Fig 4. Western blot of plasma from NMR and human for alpha-2 macroglobulin.

The determination of A2M in plasma samples was performed by electrophoresis in 7% SDS-gel using NMR and human plasma, 30 μg each, and purified human A2M (1–2.5 μg). A2M was quantified by Commassie staining using isolated human A2M to prepare a calibration curve (A). Western blot analyses using a native gradient PAGE (4–20%) was applied to detect the transformed form of A2M using the alpha-1 antibody (B) and a 7% non-reducing SDS-PAGE to detect A2M with a polyclonal antibody using 9 and 3 μg NMR or 3 μg human plasma and 250 ng isolated human A2M (C).

Fig 5. Anti-tryptic and proteolytic activity of NMR and human plasma.

The inactivation of 0.05 μg trypsin was titrated with increasing amounts of human (A) or NMR (B) plasma corresponding to 1–100 μg protein and measured by the conversion of BAPNA to p-nitroaniline at 405 nm. The intrinsic tryptic activity of NMR and human plasma was determined by measuring the conversion of BAPNA to p-nitroaniline induced by 1–100 μg plasma protein (C). (*—p<0.05)

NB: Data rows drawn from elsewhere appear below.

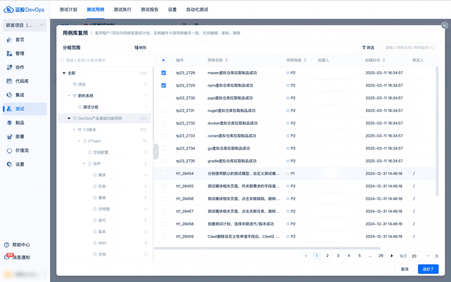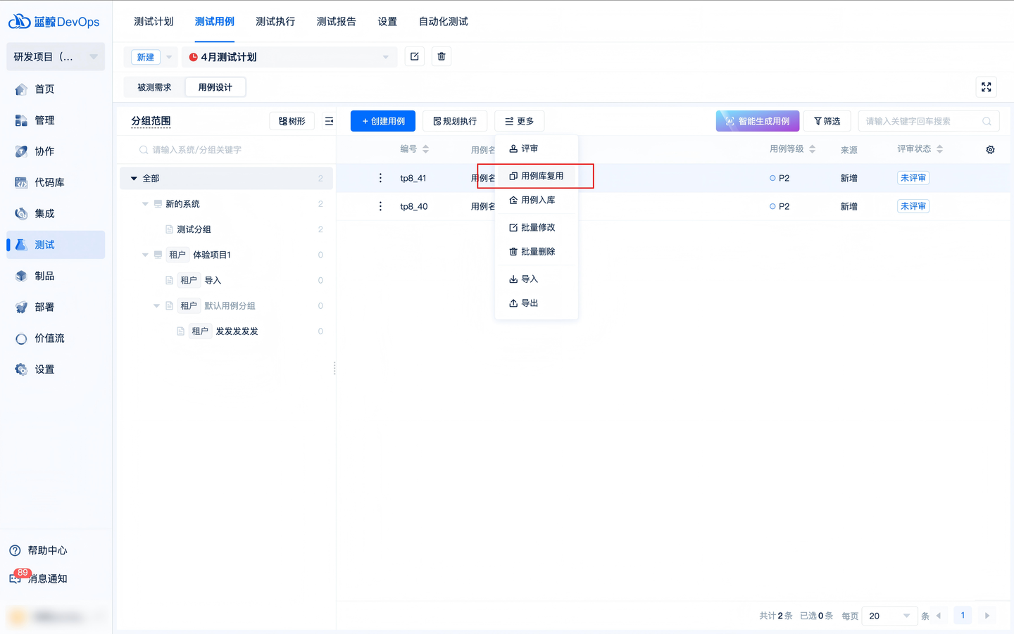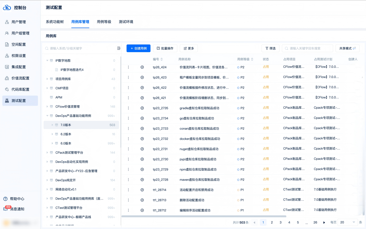 用例库管理即企业级的测试用例总和,测试团队在此持续更新、维护公共用例库,为后续的跨项目复用提供丰富的测试资产。
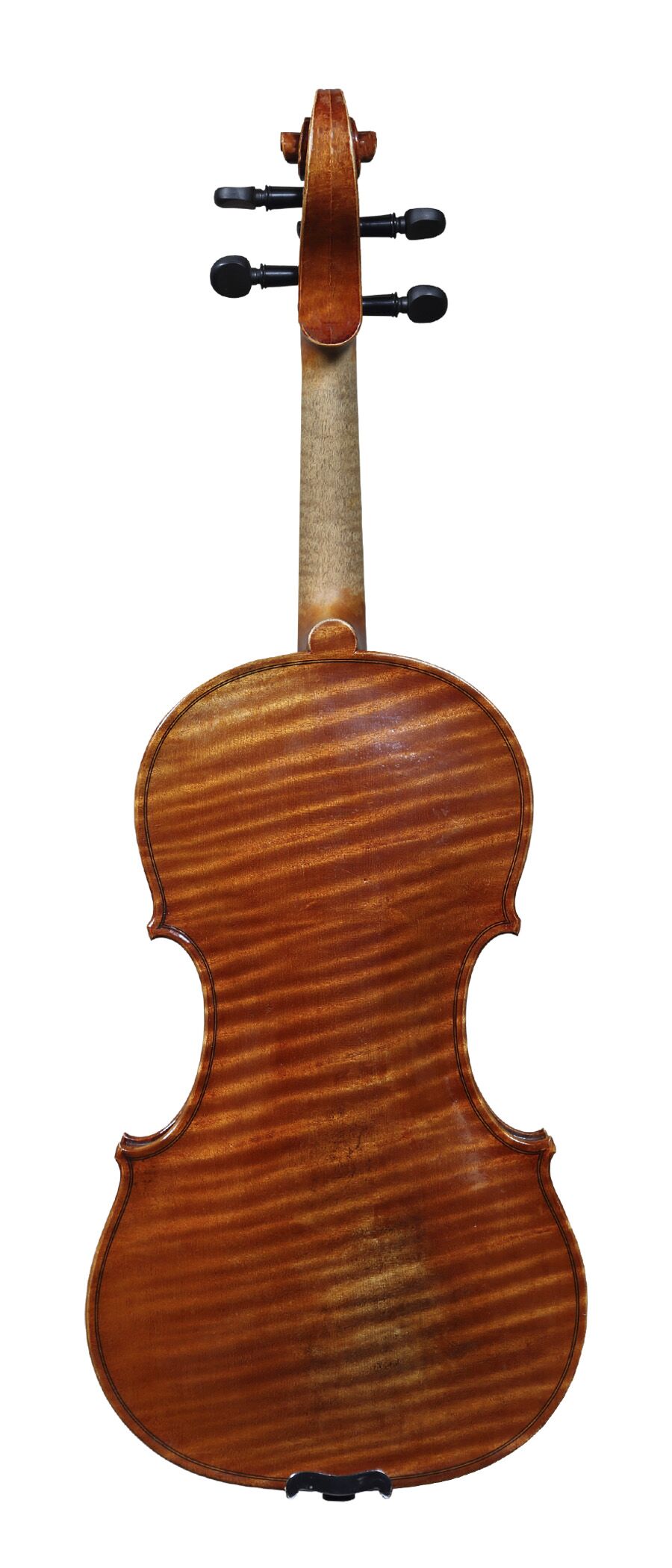 Passion, intention, dedication, and artistry personify the character and work of David T Van Zandt. An 1983 graduate of the Violin Making School in Salt Lake City, David has devoted his life to making violins and violas for string musicians. He patterns his violins and violas from studying original 17th and 18th century master instruments and learning from the musicians who play his instruments. This splendid 7/8 violin dressed with orange-brown varnish and medium flames ascending on the one piece back will easefully accommodate your next violin concerto or fiddle dance tunes. We adore the broad, powerful tone; the clarity of string crossings, a colorful tonal palette, and the sheer pleasure of playing this super comfortable violin!
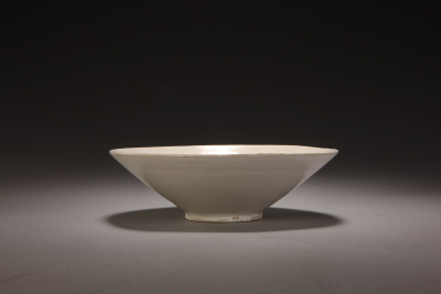 碗敞口,斜壁内收,圈足。里外施白釉,釉色洁白,底无釉。
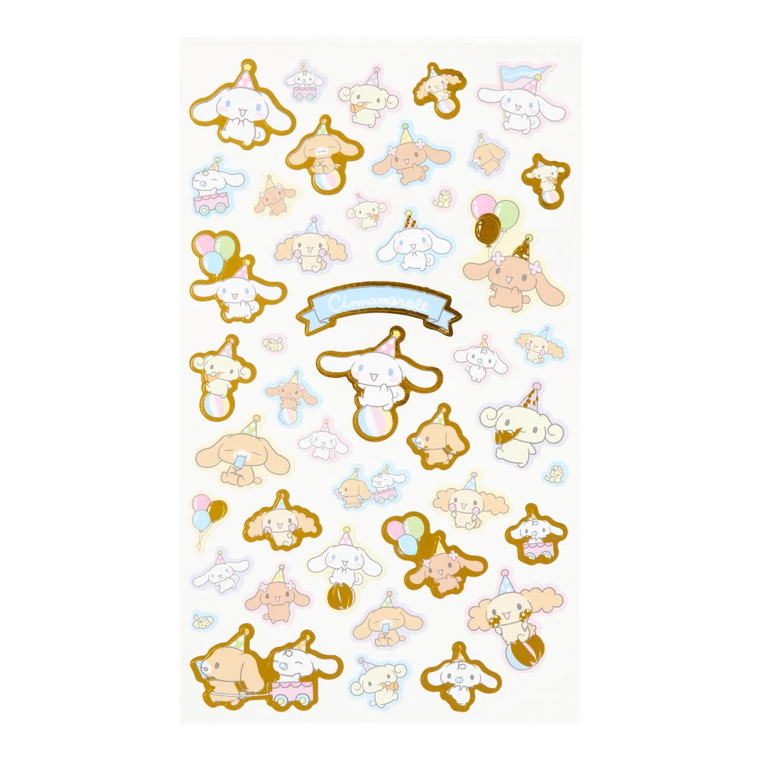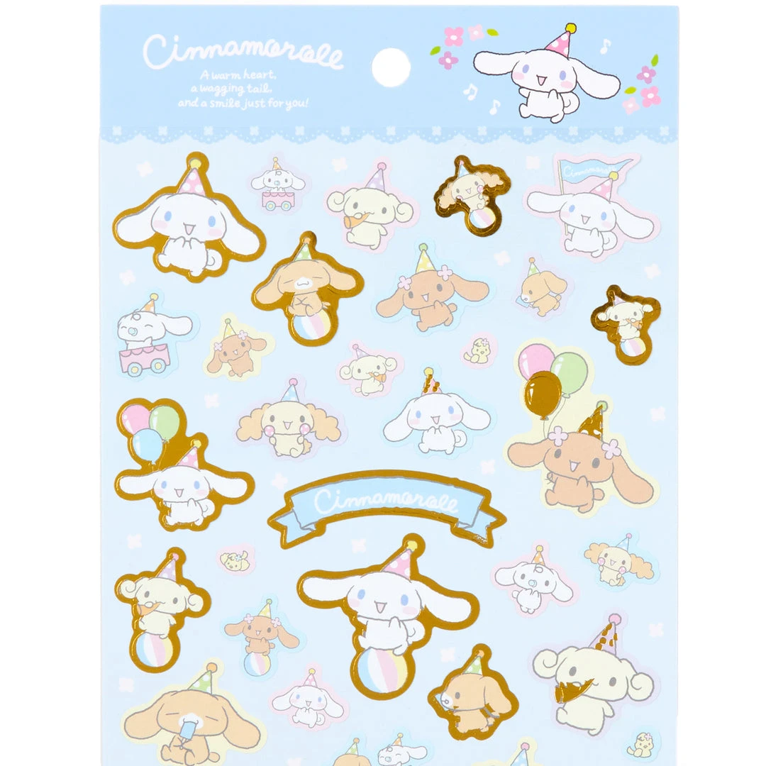 Rep your favorite Sanrio characters with these sticker sheets! Each has a select handful of individual stickers outlined in metallic gold for a luxe and glitzy finish. This sheet features Cinnamoroll with his friends Mocha, Cappuccino, and more!
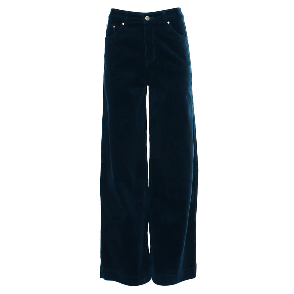 -Rant & Rave wide leg cord jean in teal. Zip & button fastening, finished with large hem.

Fig 6. Adhesion induction by NMR plasma supplementation in human fibroblasts.

The determination of the EpCAM protein in NMR and human liver samples were analysed by electrophoresis in 10% SDS-gel using 20 μg protein in conjunction with immunoblotting using a monoclonal mouse anti-human EpCAM antibody (A). Human fibroblasts were cultured in medium supplemented with 0.3 or 1% NMR plasma for 24h and, controls were supplemented with PBS (ctr) or 1% human (hu) plasma), respectively. Cells were treated by trypsin/EDTA solution for exactly 1 min, washed and the remaining adherent cells were stained by Gentiana solution. The absorbance of the released dye is directly proportional to the number of adherent cells (B) (**—p<0.01; *- 0.05). Western blot analysis for CD29, CD44, EpCAM and GAPDH was performed by electrophoresis in 8% SDS-gel using 10–25 μg protein after 0.3 or 1% NMR plasma supplementation for 24h. CD29, CD44, EpCAM and GAPDH were detected with respective monoclonal antibodies (C).